Created attachment 220284 [details] extend rc.d/dumpon to check and delay for cam(4) probing On systems with root from memory filesystem, and probably also true for nvd(4) backed root systems, rc.d/zpool doesn't work, because at the time it runs, cam(4) is still in state (aprobe) for attached SSDs (850pro in my test case). I can imagine much slower disks attaching, leading to similar problems for the not so rare cases where root mounts not from md(4). This affects dumpon and swapon too, which might have even higher impact than zpool! The attached diff checks the output of camcontrol(8), which is in /sbin on rootfs, without utilizing anything from /usr filesystem. The overhead should be neglectable on systems not affected, which unconditionally run the check, but it's not expensive considering it's only run once at startup.
Created attachment 222477 [details] extend rc.d/dumpon to check and delay for cam(4) probing Accidentally found this unresolved PR and noticed, that the patch is outdated. Here's what enables me to use OpenZFS in production.

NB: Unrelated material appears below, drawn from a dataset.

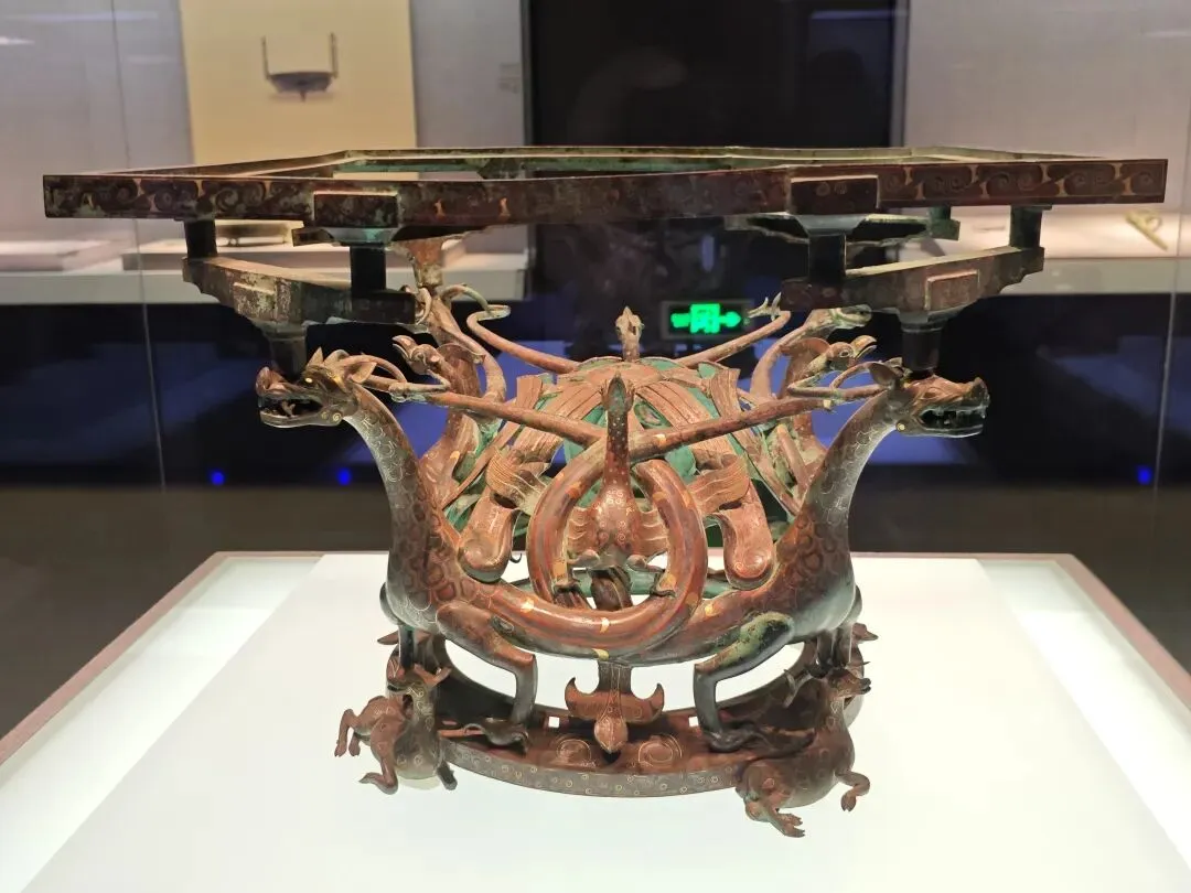 河北博物院《战国雄风——古中山国》:战国错金银四龙四凤铜方案座
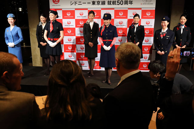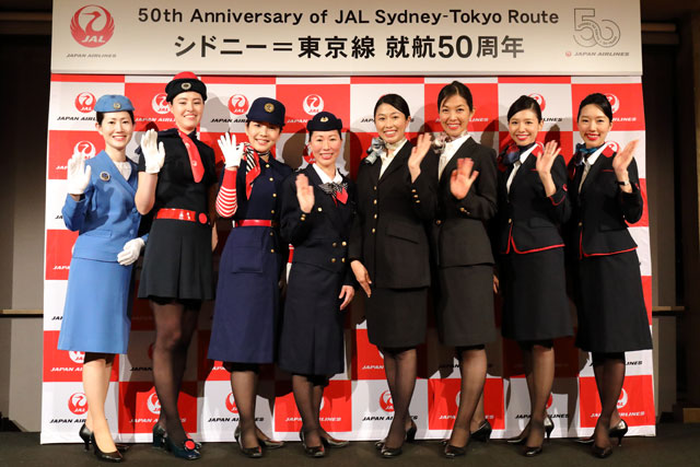 日本航空(JAL/JL、9201)は現地時間10月1日、東京-シドニー線就航50周年を迎えたシドニー国際空港で記念式典を開いた。搭乗口では、成田行きJL772便の乗客に搭乗証明書などの記念品が配られた。9月30日夜にはシドニー市内で日豪路線就航50周年パーティーが開かれ、JALのスタッフが歴代制服と来春から導入する新制服を披露した。また、シドニー線の羽田移管についても言及があった。

Created attachment 230308 [details] Boot log excerpt
Came here to say this. In the process of setting up a fileserver, I noticed that a 10 TB pool replicated from the old omniosce machine wouldn't mount during boot, while it had no problem when imported manually. My observations and comments: The (rather misleading) error message from /etc/rc.d/zpool is frequently interspersed with kernel autoconfiguration messages (see attachment). This made it harder than necessary to figure out what was going wrong, together with my disbelief that something so string-and-ducttape-y should be shipped in a release. Why does the kernel boot multi-user before it's done with autoconfiguration? And if parallelizing operations is the idea, why isn't there a barrier in place for things as vital as disk operations? Et c'est pas fini: Downstream, mountd is utterly confused about a list of mounts in /etc/zfs/exports that don't exist ("mountd[7977]: bad exports list line 'redacted': symbolic link in export path or statfs failed"). Why is this information persisted, instead of being created during the zpool import under /var/run - or not, if the pool isn't found? In the end, I inserted a 20 sec sleep in /etc/rc.d/zpool, and moved on, rather unimpressed.
In the same venue, there is this <https://www.reddit.com/r/freebsd/comments/n0rxud/zfs_loads_before_disks_are_ready_during_boot_then/>
Keyword: patch or patch-ready – in lieu of summary line prefix: [patch] * bulk change for the keyword * summary lines may be edited manually (not in bulk). Keyword descriptions and search interface: <https://bugs.freebsd.org/bugzilla/describekeywords.cgi>
(In reply to Harald Schmalzbauer from comment #0) > … probably also true for nvd(4) backed root systems, … Is the situation significantly different with 15.0-CURRENT? <https://cgit.freebsd.org/src/log/?qt=grep&q=nvd>, a few things catch my eye. (In reply to Harald Schmalzbauer from comment #1) % git -C /usr/src pull --ff-only freebsd main From https://git.freebsd.org/src * branch main -> FETCH_HEAD Already up to date. % git -C /usr/src apply --check --verbose /tmp/222477.patch Checking patch libexec/rc/rc.d/dumpon... Hunk #1 succeeded at 47 (offset 12 lines). % (In reply to Hauke Fath from comment #4) Re: <https://old.reddit.com/r/freebsd/comments/n0rxud/-/gwbx5up/> for reference only, % sysctl -d kern.cam.boot_delay kern.cam.scsi_delay kern.cam.boot_delay: Bus registration wait time kern.cam.scsi_delay: Delay to allow devices to settle after a SCSI bus reset (ms) %
Probably, it's a duplicate of https://bugs.freebsd.org/bugzilla/show_bug.cgi?id=242189
This is PR obsolete, see d878a66a9a, PR: 242189 Closing